I tried seeds from a few of my more productive Better Boy plants but all I got was stunted plants that produced little or no fruit. Those that produced fruit only put on a few malformed tomatoes that never matured.
I had been saving seeds for years from a few varieties of grape, cherry, and San Marzano tomatoes which do fine every year but I haven't planted those in two years now. The seeds I started with for my plum tomatoes were seeds saved from a neighbor's tomato plant 40 years ago. He told me they were seeds he brought with him from Italy in the 50's. They give me a huge eggplant shaped plum tomato that generally weighs in well over a pound. They grow as a bush about 5ft tall and get loaded with fruit. Their highly susceptible to disease though. I plant those away from my main garden in a couple of raised beds I have up near the house. They're a good tomato for sauce or paste but have little juice when you crush them. The old guy that gave me the seeds said to make sure to keep them far from any other tomato because tomatoes can cross pollenate and it'll ruin the seeds for next year. He would use fireplace ash, cow manure, and compost on his plants, and every two years he'd burn the ground by planting barley and burning it off when it dried out. He said it kept diseases out of the ground. I do the same if I see any issues during the summer. I generally just chop up my leaves and cover the ground, I burn off the un-composted leaves in the spring.

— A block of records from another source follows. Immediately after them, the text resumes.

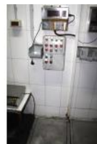
Referencia: EST-031 BASCULA Año: . Marca: MOBBA
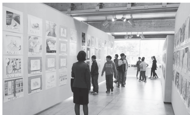
「福田平八郎賞」図画展
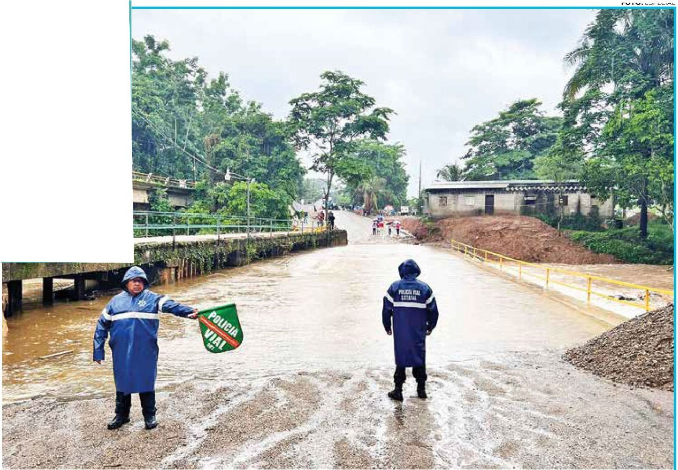
● OAXACA. Diversos caminos de la entidad resultaron seriamente dañados por el aumento del cauce de ríos.
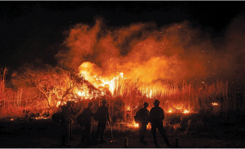
رجال إطفاء يحاولون السيطرة على انتشار الحرائق المستعرة شمال غرب مدينة لوس أنجلوس بولاية كاليفورنيا الأمريكية

تفاديه بعد. وأضافت: «الرؤية ليست واضحة أمامنا حتى الآن... وينبغي ألا نتخلى عن حذرنا». وتقوم حالياً سلطات المدينة بتقديم كمادات واقية مجانية للأفراد، بسبب زيادة كميات الرماد والغبار الناعم المنتشرة في الهواء. ومع دخول حرائق الغابات المدمرة التي خلفت دماراً بالمقاطعة أسبوعاً الثاني، قالت المدينة إنها يساورها القلق بشأن التأثيرات الصحية الناتجة عن الدخان على الفئات الأكثر عرضة للخطر.
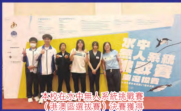
本校在水中無人系統挑戰賽 (港澳區選拔賽) 決賽獲得 「大灣區科技創新團隊獎」及 「優秀表達團隊獎」
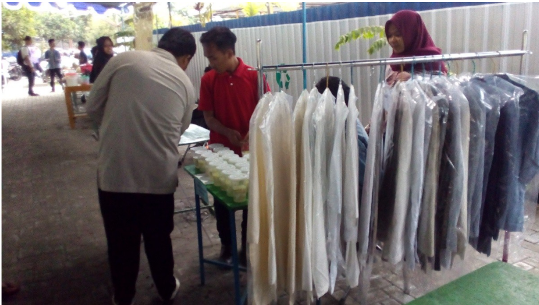
Gambar 7. Bazar UAD
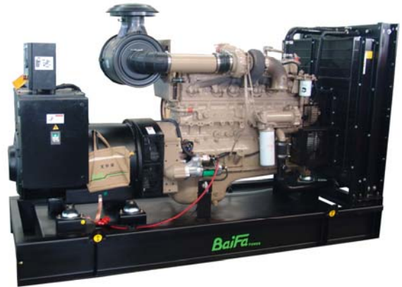
机组外形, 仅供参考
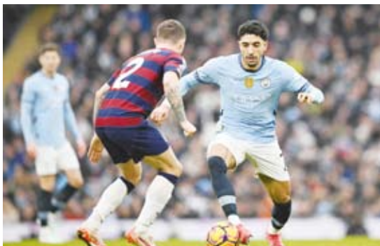
مرموش رجل مباراة سيتي ونيوكاسل

بينما سجل الإنجليزي جيمس ميكاتي الهدف الرابع في الدقيقة (84). وتجاوز حامل اللقب خسارته الثقيلة (5-1) في الجولة الماضية أمام أرسنال، ليرتقي للمركز الرابع بعدما رفع رصيده إلى 44 نقطة، بينما تراجع نيوكاسل للمركز السابع برصيد 41 نقطة.
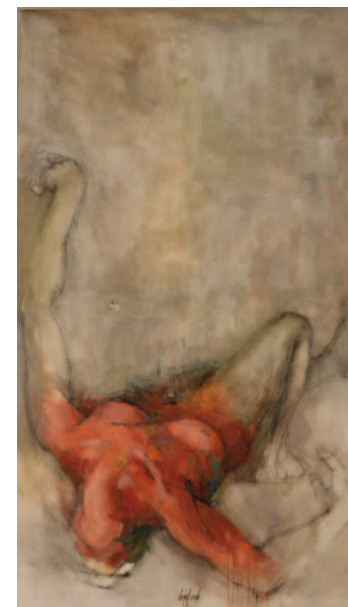
FRANC VOZELJ Homo padanje olje na platnu, 120 × 70 cm, 2015
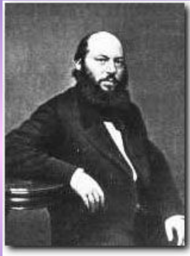
Афанасий Афанасьевич Фет (1820-1892)
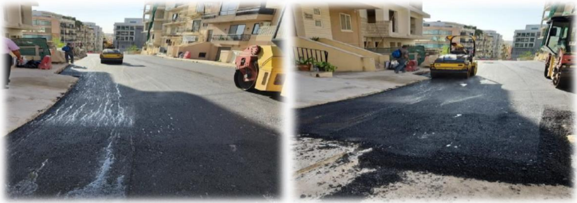
Triq it-Torri n-naħa tas-Swatar (l-Imsida)
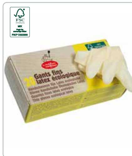
6726c LATEX HANDSKER tynde str. L FSC Bliv fri for tørre og beskidte hænder, og den plastikagtige lugt. Handskerne er puderfri. Du får et produkt som er bredt anvendeligt.
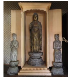
上黒磯の 木造阿弥陀如来立像
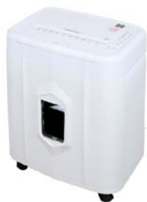
intimus AutoShred 140 CP4
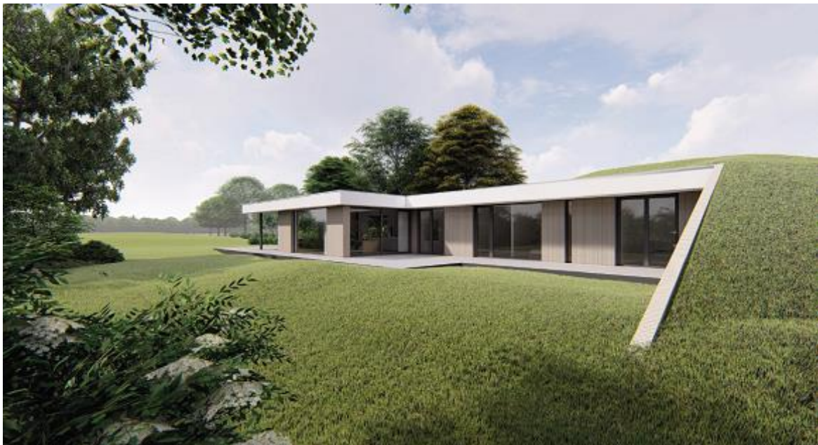
Impressie van de te bouwen woning.

De volgende activiteiten worden getoetst op relevantie t.a.v. de Wet natuurbescherming:
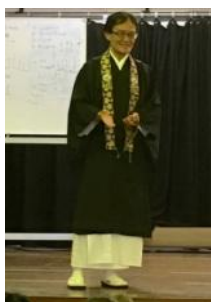
Talked about Buddhism for all Y-4 Students at LEPS (13/10/16).

Of course, we continue to hold our regular Sunday services at the HBMA, to which we always invite as many people as possible. Please keep inviting your friends to our services!
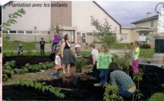
Plantation avec les enfants
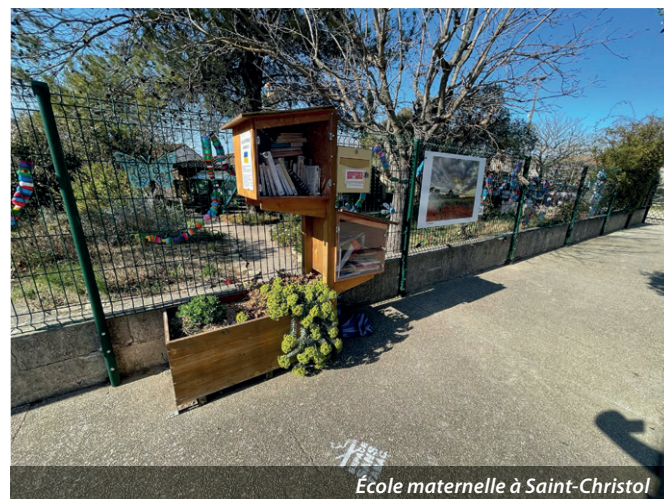
École maternelle à Saint-Christol

I had problems about 9 years ago with plants getting diseased, it was the first year I used a few bought plants I burned the garden, didn't plant there for 3 years after that, using it only as a covered compost pile for those three years. I cleared it off and tried planting there again after that but had problems again. At the end of the season I took the backhoe and I dug out the whole area down 5ft, and I put in all new soil and started over. That seems to have solved the problem.
I also no longer do the soakere hose for water, I use tubes that can be filled every few days with water. Since I don't plant a whole field full f tomatoes now, the tubes work fine. I still use a fine sprinkler on occasion too to rinse off the plants every so often. In the spring when the cedar and pine trees are making pollen, it coats nearly everything around here, including the tomato plants.